Terminology is an inconsistent phenomenon of language. Terms acquire various connotations for every person. Terms are like magnets for things like experiences and memories, images and ideas. Every term is like the truck of a tree, each person branches off of it their own connotations. Some people romanticize the idea of being a 'druggy' or a 'junkie' and I think some people get into drugs or even heroin specifically because of this romanticism. Other people hide the fact obsessively, wanting NO ONE to know their habits.
However, culturally words tend to gain consensus as to whether they are pejorative or euphemistic. Druggy seems to be on the pejorative side of the fence unless perhaps you are a fifteen year old kid who romanticizes drug use and its concomitant nomenclature.
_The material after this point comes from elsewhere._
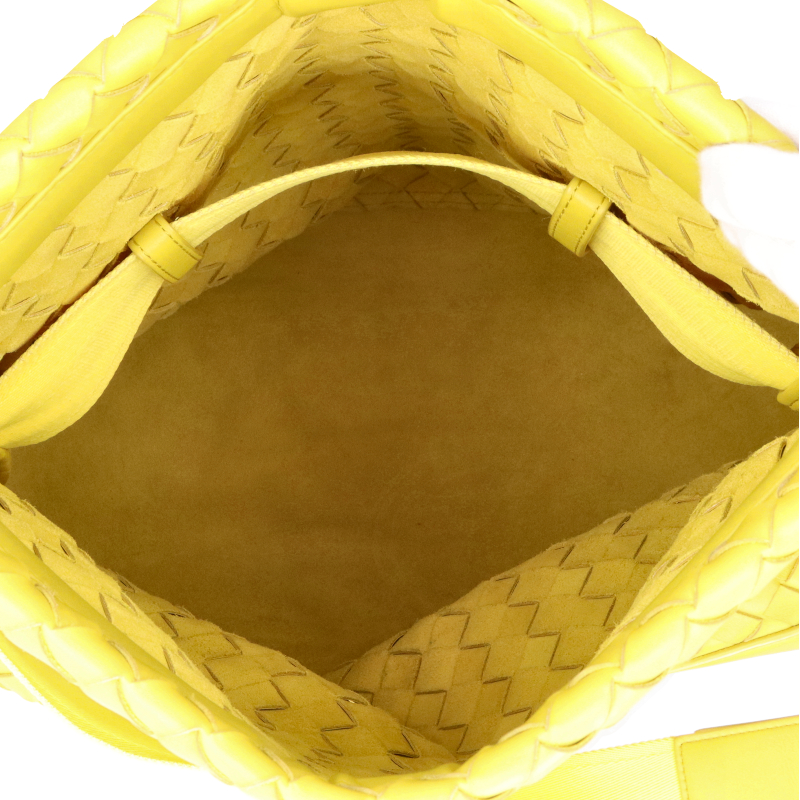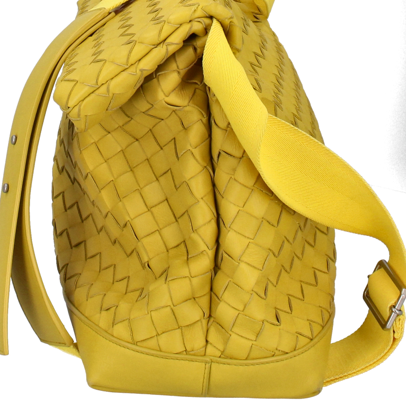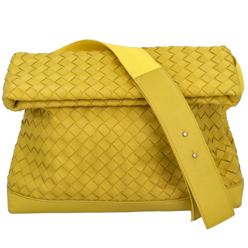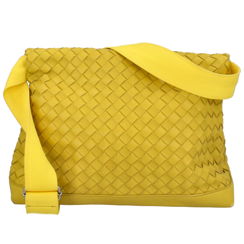 USED品。ボッテガヴェネタの代名詞とも言えるイントレチャートが施されたショルダーバッグです。イエローのレザーが特徴的なショルダーバッグです。

If I were called a druggy, I would say "True, but I am also a writer, a musician, a brother, a son, a reader, a thinker, an explorer, a nomad, a hiker, a bicyclist, a coffee drinker, a lover, a human being..." What use is it to limit someone's essence to a label? It's confining and totally inaccurate as an expression of the totality of someone's being. I suppose, I'd be less offended if someone said, "You are, among so many other things, a druggy". This would approach the truth far closer than the limiting statement "You are a druggy". But the study of linguistics and syntax and the evolution of language will cause you to become quite anal about such things. Also, I'm a writer. Words...they kind of matter.